Eliminate interpretation (application) and you fulfill the necessity and sufficiency stated above.

That is equivalent to asking if any language has limits.

LarryD
not rated yet Jul 12, 2013
packrat& Code_warrior, thanks for the info. I was working in a Schweppes QC lab when R&D introduced a Sinclair (or was it Sinclare?) that used basic. It's first program was to calculate the amount of 'free space' on the overlapping joins after a can of drink had the lid sealed on. Of course we had to 'can strip' and take the various measurements of the overlap first then either do the calculation be hand or by the the later introduction of a 64K computer. Ha! 64K, can you believe that...wouldn't even being enough for one photo on my mobile phone these days.
rsklyar
1 / 5 (5) Jul 12, 2013
Some else results which never be published in MIT News. They are about stealing of both the ideas and money of taxpayers by numerous swindlers from David H. Koch Institute for Integrative Cancer Research and Department of Chemical Engineering, also with Department of Chemistry and Chemical Biology and School of Engineering and Applied Science of Harvard University at http://issuu.com/...vard_mit and http://issuu.com/...llsens12 .
Their plagiaristic "masterpieces" titled Macroporous nanowire nanoelectronic scaffolds for synthetic tissues (DOI: 10.1038/NMAT3404) and Outside Looking In: Nanotube Transistor Intracellular Sensors (dx.doi.org/10.1021/nl301623p) were funded by NIH Director's Pioneer Award (1DP1OD003900) and a McKnight Foundation Technological Innovations in Neurosciences Award, also a Biotechnology Research Endowment from the Dep. of Anesthesiology at Children's Hospital Boston and NIH grant GM073626, and NIH grants DE013023 and DE016516.
antialias_physorg
5 / 5 (1) Jul 12, 2013
If I recall correctly Fortran and Cobol were used in more complicated calculations but I never knew how they differed from BASIC.

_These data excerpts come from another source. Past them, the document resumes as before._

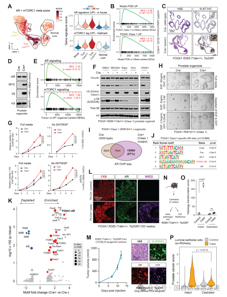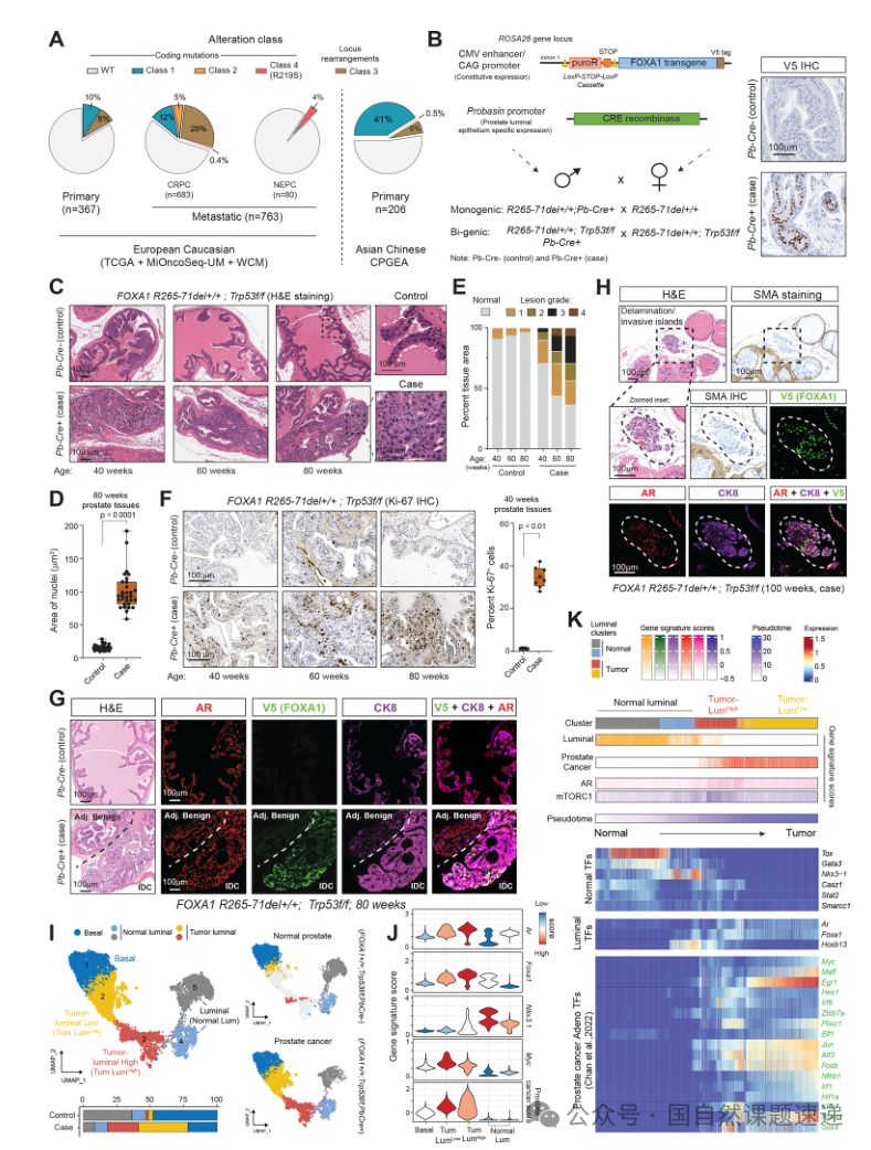 研究首先在体内建立Class1代表突变的条件性表达模型,使突变FOXA1在前列腺上皮细胞中被激活表达,并通过表位标记确认其定位。随年龄增长,模型动物出现从上皮增生到上皮内瘤变,再到局灶性导管内癌灶的病理演进。进一步结合Trp53缺失背景后,病变等级与侵袭性显著增强,提示Class1突变在抑癌基因缺失的背景下更容易跨越肿瘤发生门槛。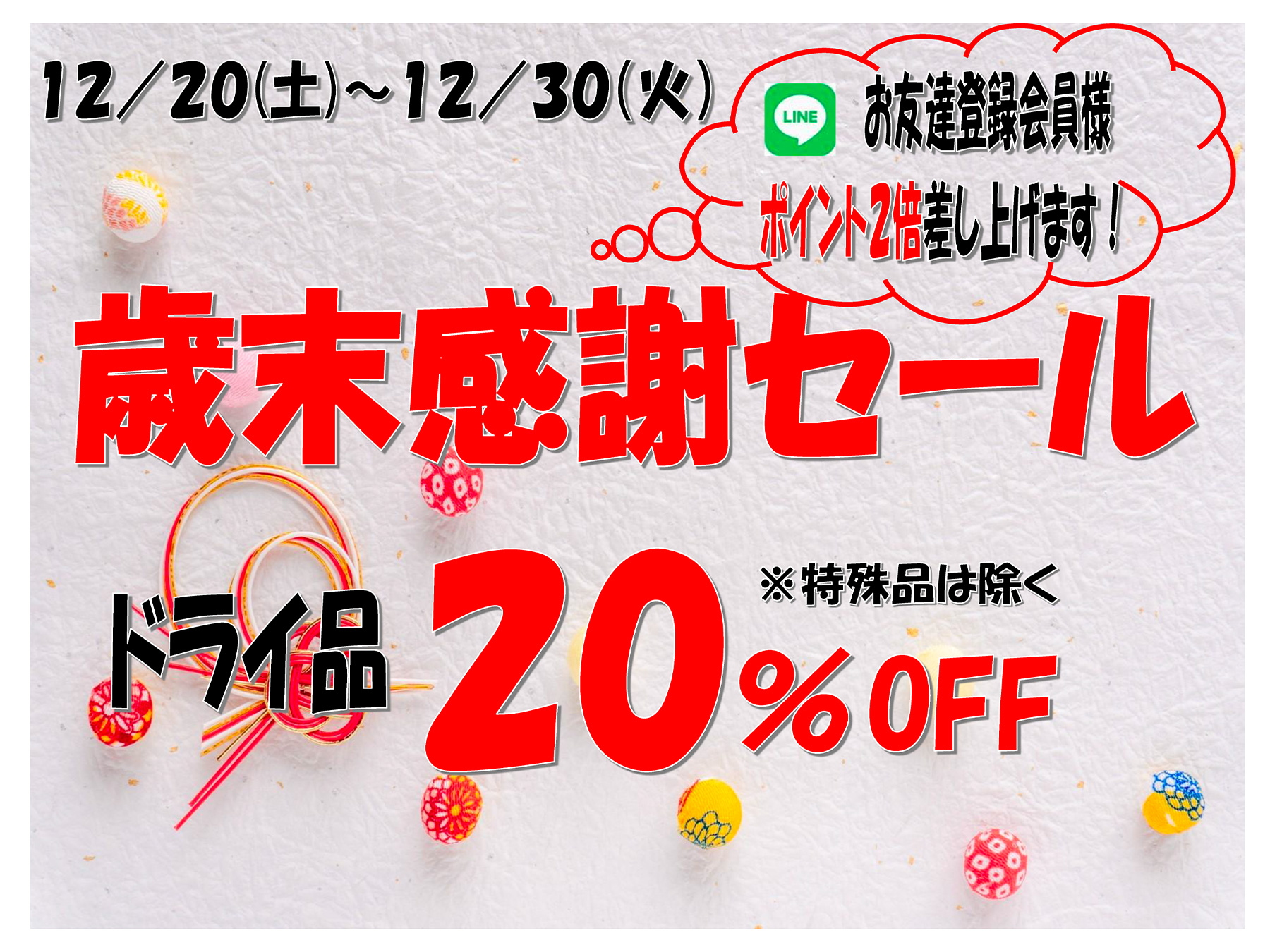 歳末感謝セール ドライ品20%off 2025年12月20日(土)〜12月30日(火)まで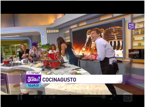 La ex candidata a reina del Festival de Viña interpretaba una canción mientras se desarrollaba el espacio de cocina, donde preparaban una lasaña, cuando tomó la manguera del lavaplatos para usarlo de micrófono.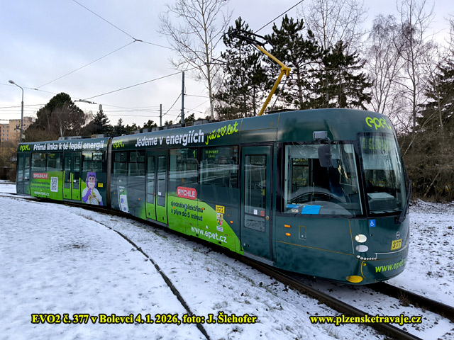 Od 1. 1. 2026 je v provozu vůz EVO2 č. 377 v nové podobě s reklamou Epet. Je ve tmavším provedení, než předchozí verze a znovu se zde setkáme i s fialovými opičkami.

You can do most anything with any language. When you get right down to it any language is broken down by the compiler into the same units eventually.

Languages are more about style (i.e. what kind of applications their syntax is geared towards). But you can write a word processor in COBOL or in Basic or in Fortran if you feel like it (with various amounts of effort) - so the language itself doesn't limit you per se.

Some languages compile more efficiently for some task types, though. That's why professional programmers like to pick the language best suited for a task (instead of writing everything in one language).

This may seem like you have to learn a lot of languages. But once you've learned two or three you find that they are all fundamentally very similar. Picking up a new one doesn't take long (around a week or so).
alfie_null
not rated yet Jul 12, 2013
Learning how to describe a solution in some computer language isn't, or shouldn't be, the focus of, say, a computer science curriculum. There's no correlation between being able to speak English and being able to solve problems. Having the capability of translating English into some action a computer takes doesn't guarantee that expressed English represents a useful action.